Jullie verhaal lijkt een instant successtory. Hebben jullie ooit tegenwind gekend?
‘Zeker. De spannendste tijd was de crisis van 2008, 2009. Net toen we zwaar hadden geïnvesteerd in een nieuw model, de Wajer 37, viel alles op z’n rug. Niet één jaar, maar drie, vier jaar lang.’
Wat heb je daarvan geleerd?
‘Doorzetten, blijven gaan. Als je 49 proefvaarten doet en elke keer een nee krijgt, moet je heel stevig in je schoenen staan om de vijftigste keer opnieuw vol vuur je verhaal te vertellen en mensen enthousiast te maken.’
Hoe heeft de samenwerking met je vader je gevormd?
‘Mijn vader had en heeft nog altijd een onverzettelijke passie voor het product. Hij leerde me om altijd te streven naar perfectie. “We doen het goed of we doen het niet.” Daarin lijk ik enorm op hem. Voor de mensen met wie ik werk is dat vaak pittig.’
Hoe bedoel je?
‘Omdat het voor mij nooit goed genoeg is. Als wij op de werf schepen in aanbouw hebben, kruip ik nog regelmatig ’s ochtends voor dag en dauw op mijn buik door die rompen om te kijken of alles netjes is aangesloten, goed functioneert of misschien toch nog beter kan. Dan heb ik meestal wel een paar puntjes waar de bouwers mee aan de slag kunnen.’

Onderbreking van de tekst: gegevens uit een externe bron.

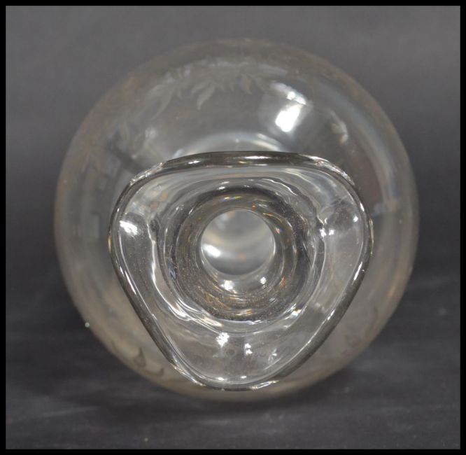 A 19th century Victorian hand blown cut glass decanter raised on a circular foot with hand engraved decoration depicting cherubs and flowers. The bulbous body having a tapered neck with flared rim. Measures 28cm high.

In 2017 is je vader uitgestapt en werd jij CEO. Hoe ging die overdracht?
‘Hij zag allang van tevoren: twee kapiteins op één schip, dat gaat niet goedkomen. Daarom had hij dat proces al vroeg in gang gezet. In 2017 nam ik officieel de leiding over, maar de jaren daarvoor hadden we al veel samengewerkt voor een soepele overgang. Met een onafhankelijke partij erbij: mijn oom. Die kenden en vertrouwden we allemaal en hij kende het bedrijf vanuit de raad van advies. Ik weet nog dat hij ons alle vier – mijn vader, moeder, zus en ik – in een hokje zette, allemaal met dezelfde vragenlijst van twintig punten. Moesten we invullen wat we belangrijk en wat we een eerlijke verdeling vonden.’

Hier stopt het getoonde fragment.